In a right triangle ABC in which angle B = 90', a circle is drawn with AB as diameter intersecting the hypotenuse ACat P. Prove that the tangent to the circle at P visects BC.

Given: ΔABC is right triangle in which ∠ABC = 90°.

A circle is drawn on side AB as diameter intersecting AC in P.

PQ is the tangent to the circle when intersects BC in Q.

Construction: Join BP.

Proof:

PQ and BQ are tangents drawn from an external point Q.

⇒ PQ = BQ ....................(i) [Length of tangents drawn from an external point to the circle are equal]

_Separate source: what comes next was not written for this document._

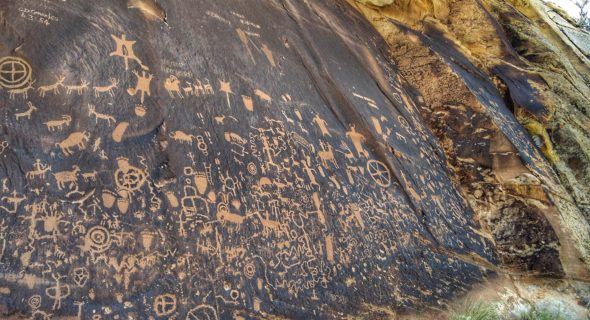 Onze eerste stop was bij Newspaper Rock. Meer dan tweeduizend jaar lang hebben de Fremont en de Pueblo Anasazi er indrukwekkende taferelen in de rots gekerft. De Navajo indianen noemen deze plek ‘de rots die verhalen vertelt’. Zelf vonden we het leuk om gezien te hebben, maar al vrij snel hebben we onze weg vervolgd.

⇒ ∠PBQ = ∠BPQ [In a triangle, equal sides have equal angles opposite to them]

As , it is given that,

AB is the diameter of the circle.

∴ ∠APB = 90° [Angle in a semi-circle is 90°]

∠APB + ∠BPC = 180° [Linear pair]

⇒∠BPC = 180° – ∠APB = 180° – 90° = 90°

In ΔBPC,

∠BPC + ∠PBC + ∠PCB = 180° [Angle sum property]

⇒∠PBC + ∠PCB = 180° – ∠BPC = 180° – 90° = 90° ...................(ii)

Now,

∠BPC = 90°

⇒∠BPQ + ∠CPQ = 90° .................(iii)

From (ii) and (iii), we get,

⇒∠PBC + ∠PCB = ∠BPQ + ∠CPQ

⇒ ∠PCQ = ∠CPQ [∠BPQ = ∠PBQ]

In ΔPQC,

∠PCQ = ∠CPQ

∴ PQ = QC ...(iv)

From (i) and (iv), we get,

BQ = QC

Thus, tangent at P bisects the side BC.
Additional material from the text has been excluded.